Calculating ATan and ATan2
Hi, I am trying to use these formulas to calculate ATan2 using this formula:
http://upload.wikimedia.org/math/3/0/a/30a3f547e111a829771a8 3bcbcb517a4.png
Which requires ATan, so I am using this formula:
http://upload.wikimedia.org/math/d/f/b/dfbc0d6f528500cae08e8 417add2e0da.png
I have this code for ATan and I want to know if there is a much more efficient way to do it with the sizes of the numbers I am working with.
typedef ttmath::Big<TTMATH_BITS(8192), TTMATH_BITS(8192)> BigFloat;
BigFloat ATanBF(BigFloat z, const unsigned long &p = 128)
{
BigFloat t;
BigFloat _ (0.0);
for(unsigned long i = 1; i < p; ++i)
{
_.FromDouble(0.0);
t = z;
t.Pow(_ += double(i * 2 + 1));
t.Div(_ += double(i * 2 + 1));
if(i % 2 == 0)
{
z += t;
}
else
{
z -= t;
}
}
return(z);
}
Currently it is very inefficient because I am not very familiar with the library. I know that some of it it because the numbers are quite large, but is there a way to make my code more efficient? I feel like I am doing something wrong.
You can a little optimize it by having a numerator remembered in a variable and then instead of powering just use multiplication.
But you must know that the expression for ArcTan is valid only when the argument is close to zero. And if you are using only 128 iterations your result is a very bad approximation. Calculating ATanBF(0.3) gives 0.295712081... so the error is in the third digit consequently there is no sense to use Big<TTMATH_BITS(8192), TTMATH_BITS(8192)>. You can perform calculations on Big<1, 1> and at the end cast it to a greater type.

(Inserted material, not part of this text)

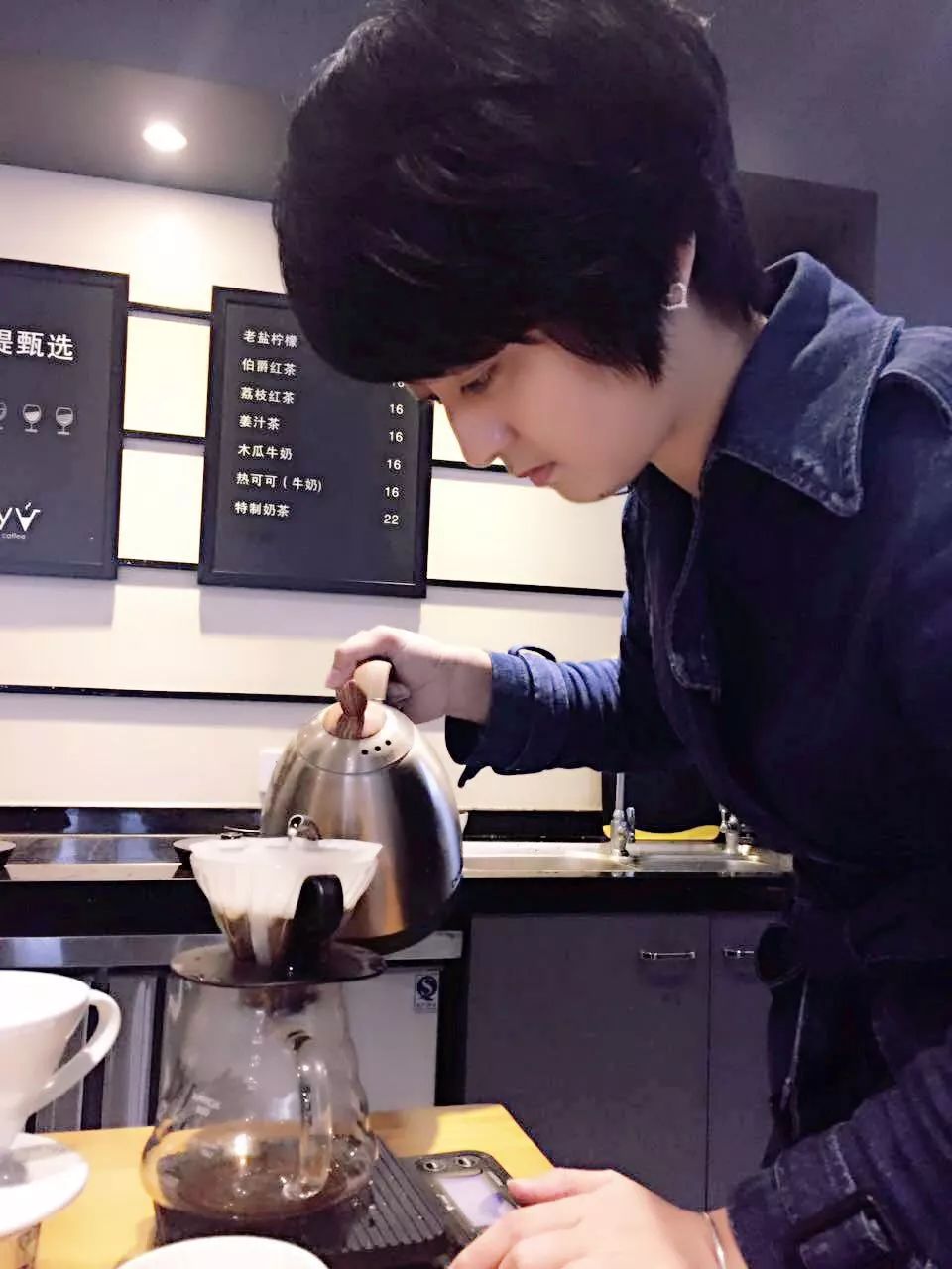 【咖啡經(jīng)歷】我來自于東莞南城,在我居住的附近便是雀巢咖啡的工廠,每當(dāng)經(jīng)過總會聞到那種速溶特有的咖啡味,眾多調(diào)味甜,有著和奶茶相近的味道,在我的感官中,那便是咖啡香。后來偶然的機會接觸到W TWO CAFE,一家專注于咖啡研磨、萃取、品鑒、評測的咖啡工作室。在那里我第一次品嘗了單品,原來,一杯好咖啡竟如此講究,從咖啡豆的挑選、稱量、研磨、沖煮,還有咖啡師專注的眼神,這一切刷新了我對咖啡所有過往的認(rèn)知,也是在品過一杯單品后一頭扎進了咖啡的坑,并且也成為了一個咖啡師。圈內(nèi)都流行著一句話:咖啡,它就是個坑??墒牵芏嗟目Х葞熀臀乙粯釉谶@個坑里玩得不亦樂乎,且不準(zhǔn)備爬出來的那種。所以,我對咖啡的態(tài)度是:如若被埋,請深埋!李曉東(投票編號12)中山賽區(qū) 尋晚咖啡會館【參賽宣言】咖啡沖煮的終極追求是精神與物質(zhì)如何完美合一。

Additionaly you probably do not need such large exponent, try: typedef ttmath::Big<1, TTMATH_BITS(8192)> BigFloat; may this will be sufficient.
TTMath has a better (much accurate but slower) ArcTan function:
int main()
{
BigFloat a = "0.3";
std::cout << ttmath::ATan(a) << std::endl;
}
Above ttmath::ATan() at the end uses the same expression as your version, you can see it here: ATan0. Copy and paste it to your code and set how many iterations you need.
Thank you, I'll get working on that. And you are right I did not need that large of a number - I'm not sure what I was thinking. Knowing there is an ATan function already in the library is great - this will make things easier for me. Thanks!